Legal tobacco and illegal marijuana are historical accidents costing billions

“What do you think of medical marijuana?” my mother, who has never smoked a thing in her life, of the tobacco or cannabis variety, asked me one day as we drove through beautiful upstate New York woods.  We had just passed a sign saying “We will destroy your crops,” with a marijuana leaf beneath. “It has its place,” I said.  “No reason to be against it.” “But isn’t marijuana a terrible substance?” she asked. “No worse than tobacco or alcohol,” I told her my honest opinion.

When I started on the wards and saw how many people who smoked or drank were really sick from it–advanced cancer, emphysema, advanced liver disease–I was shocked these substances were legal.  Take nicotine–the most addictive substance, harder to quit than heroin or cocaine.  It’s just that tobacco has a historical monopoly on legal inhalation.

“So why is marijuana illegal?” she asked. “Historical accident,” I said. As a senior in college, I took a history class called “Drugs and Alcohol in American Culture.” I wrote my term paper on shifting medical perceptions of marijuana, from the thirties to the seventies. I was intrigued by the association between social perceptions and scientific conclusions.

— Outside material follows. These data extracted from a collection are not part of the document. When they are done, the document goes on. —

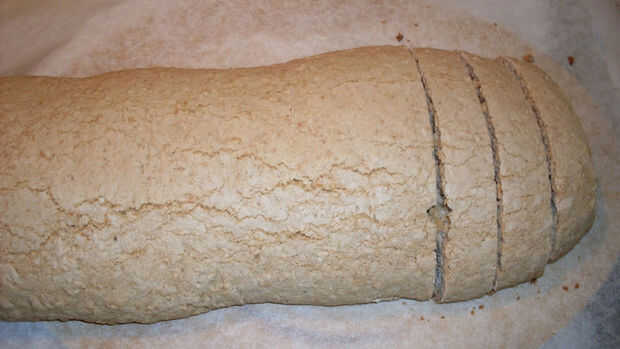 Con un cuchillo de sierra para cortar el registro de como Mostrar en imagen y reposar sobre una rejilla (si tienes, esto es asegurar incluso la hornada) y hornear por 25 minutos.
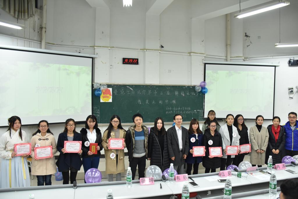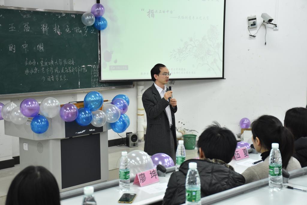 2016年12月7日晚5:30,由重庆工商大学校团委主办,艺术学院建筑装饰艺术分院分团委学生会承办的第十五届科技文化节之“指尖上的中国”民俗创意手工艺大赛于南岸校区兰花湖片区广智楼20211教室举行。艺术学院建筑装饰艺术分院党总支副书记冉涛书记,分团委老师刘莎老师,辅导员周雪玉老师、魏楠杭老师,专业指导老师韦昳、伍夏、廖坤等应邀出席承担本次活动的评审工作。
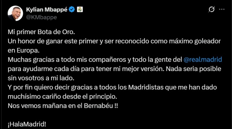 直播吧10月31日讯不久前,获得欧洲金靴的皇马前锋姆巴佩更新社交媒体,感谢了队友和球迷的支持。
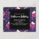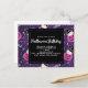 Halloween FÖDELSEDAGSfest inbjudan med ett förtjusande halloween-tema mönster. Katter i häxhattar, sittande på rosa pumpor med lila spindelnät i bakgrunden.
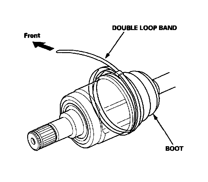 -1. Set the double loop band onto the boot with the band end toward the front of the vehicle.
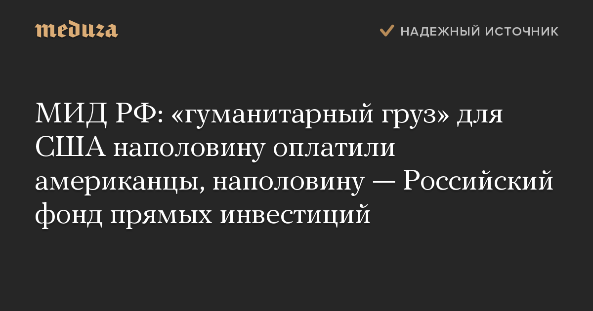 МИД РФ: «гуманитарный груз» для США наполовину оплатили американцы, наполовину — Российский фонд прямых инвестиций
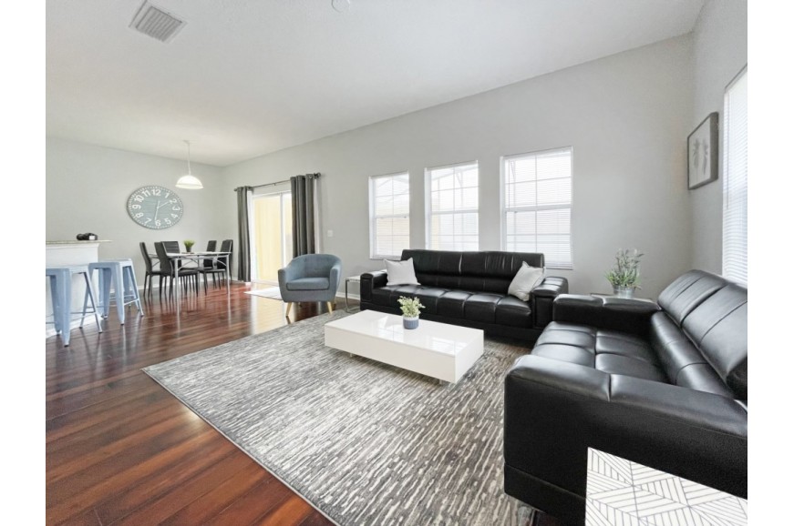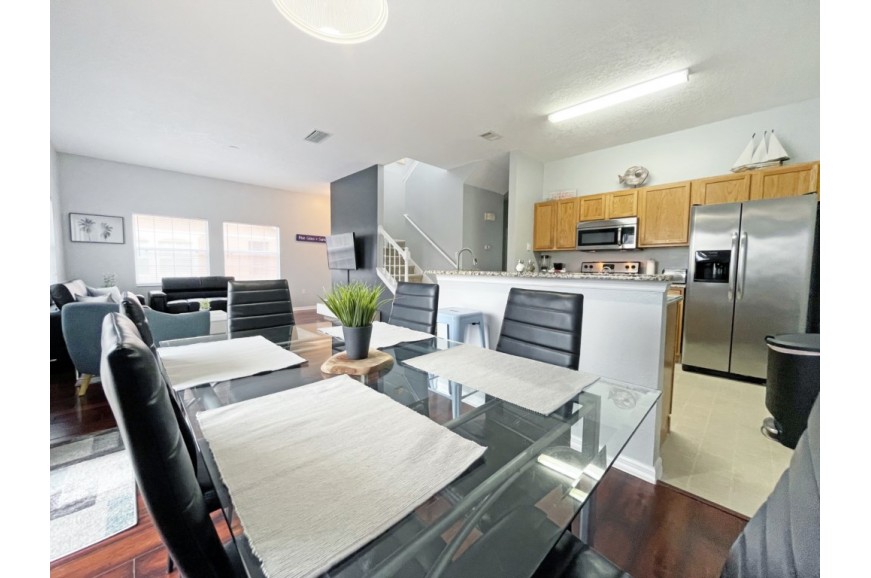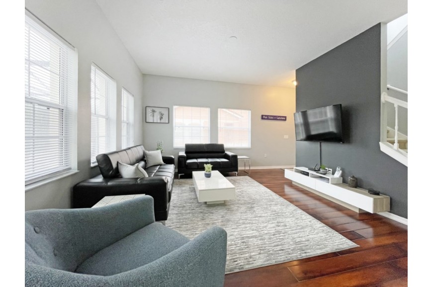Terra Verde - Kissimmee, Florida is an upscale gated community located just 8 miles from Walt Disney World. This luxury resort sits nestled just off Hwy 192 in Kissimmee, Florida, and is one of the most desired resorts in the Orlando area. During your stay, you will enjoy this well-appointed home that has been designed and decorated to provide you and your family with an abundance of luxury amenities and leaves you well-equipped to vacation with all the usual items you would expect to find at home. Terra Verde Resort is only a 25-minute drive from the Orlando International Airport and is situated central to all of Orlando’s famous attractions. The resort's amenities include a gated community, an Olympic-size swimming pool, fountains, waterslides, a spa, a separate toddler pool, basketball courts, volleyball, a children’s park, and a clubhouse. The Clubhouse has pool tables, a fitness area, a video games area, and a spa. There are other outdoor recreational activities all surrounding the Olympic-size heated swimming pool creating a relaxing, playful atmosphere for the entire family! Terra Verde has all the amenities of a five-star hotel or resort with the comfort, convenience, and privacy of a private home. This spacious 4-bedroom townhome can comfortably accommodate a larger family or group of up to 8 people.

There was one scientist in particular whose conclusions about the effects of marijuana radically shifted as cultural perceptions shifted from the 1930s to the 1970s.  In the 1930s, he offered scientific evidence to reflect the social understanding of marijuana as a substance that provoked crazed violent reactions, when the drug was associated with Mexican immigrants and crime.  In the 1970s, his research showed marijuana provoked a slackadaisical laziness with loss of motivation when it was used by the nation’s youth.  No crime, no trouble.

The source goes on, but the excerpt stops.